The word "habit" derives from the Latin "habitus", meaning "demeanor, appearance, or dress." Even today (long after the ecumenical reforms of the 1960s) most people, when they think "nun", think "habit", and the habit they envision is the voluminous black gown with wimple, guimpe, headband, and veil, in which most women religious dressed from the earliest centuries of the Latin Church to the late 20th Century. The habit has been described by more than one historian as the dress "of most women in the Medieval period", but is it really? The answer is that it is and it isn't. This hour and a half lecture/workshop will disassemble the nun's habit: its origins, variations, rituals, and components.
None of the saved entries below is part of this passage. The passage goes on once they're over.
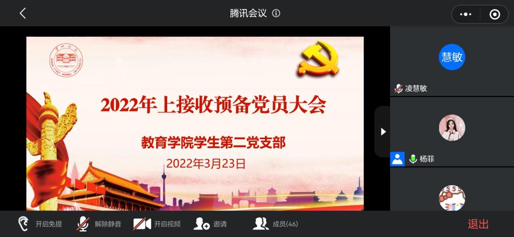 2022年3月23日晚上七点,球速体育员工第二党支部举行2022年上半年毕业生中共预备党员接收大会。应疫情防控要求,此次会议以腾讯会议线上方式召开,员工第二党支部书记杨菲出席本次会议。此次大会应到正式党员19名,实到19名。本次大会主要讨论谢倩、黄智敏2名发展对象的转预备问题。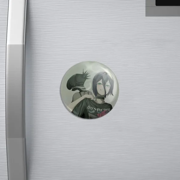 مگنت ریزه انیمه مرد اره ای Chainsaw Man خندالو با روکش سلفون مات مخملی ضدخش و قطعه پشتی فلزی تولید شده است که آهنربای اتمی بکار برده شده در محصول، بصورت مخفی تعبیه شده ودیده نمی شود. ضمن اینکه گیرایی بسیار بالایی داشته و به هیچ عنوان از روی یخچال نمی افتد.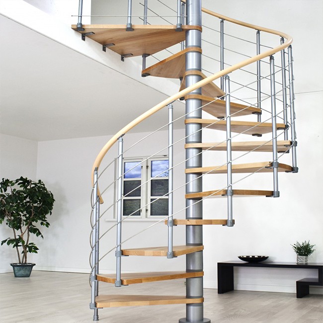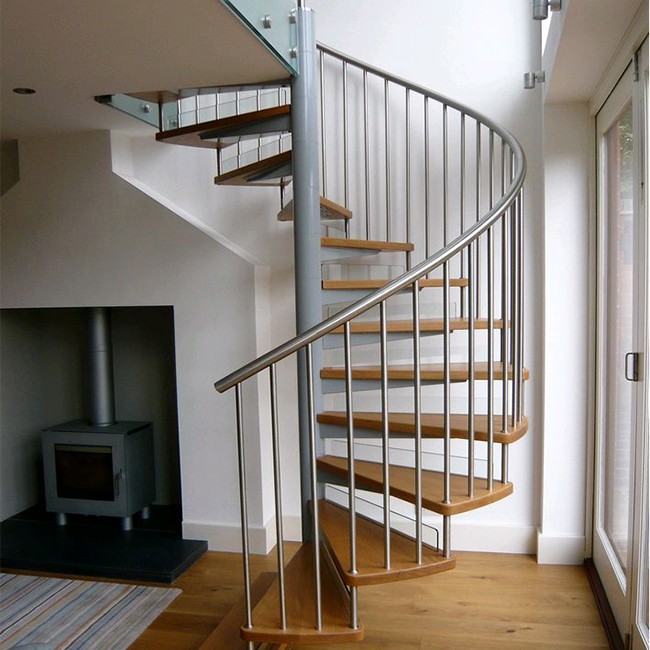 WilliamArchi create an amazing elegant, modern,high quality wooden treads circular staircase.You can customize outdoor helix spiral staircase according to your requirement for your building project with my professional stair manufacturer. Please see details information of option parts of spiral staircase for your reference. This spiral staircase consist with side stainless steel plate stringer and central post.Normally will have metal central post as stringer. Some design will also have a spiral fence or a curved beam at outside to support the staircase.

Class hand-out will include a list of resources for those who want to make their own period-correct (Latin or Byzantine) nun's habit. There will be time for Q and A. Participants will also make a "paternoster" or a traditional knotted cord cincture that was and is worn at the waist by many religious orders. Are you bold enough to undress a nun?

10:00 – 11:30

3-D Wet Felting

by Mistress Alexis MacAlister

 

Participants will make a pouch. This class is appropriate for all ages; children must be accompanied by an adult. Time: approx 90 minutes, cost: $1.

1:00 – 2:00

Replication of Period Rosaries

by Mistress Anne of Blackthorne

 

Replication of period rosaries based on depictions in illuminated manuscripts.

2:00 – 3:00

Continental Knitting

by Mistress Alexis MacAlister

 

Participants will make a pouch. This style of knitting is also called 'picking', and is easy for crocheters to learn. Time: 1 hour, cost: $4.

3:00 – 3:30

Monastic Sign Language

by Lord Dmitri Skomorochov

 

Class describing hand signs and signals from early medieval monasteries, specifically from the 11th century Benedictine manuscript “Monasteriales Indicia”.  30 minutes; no material costs.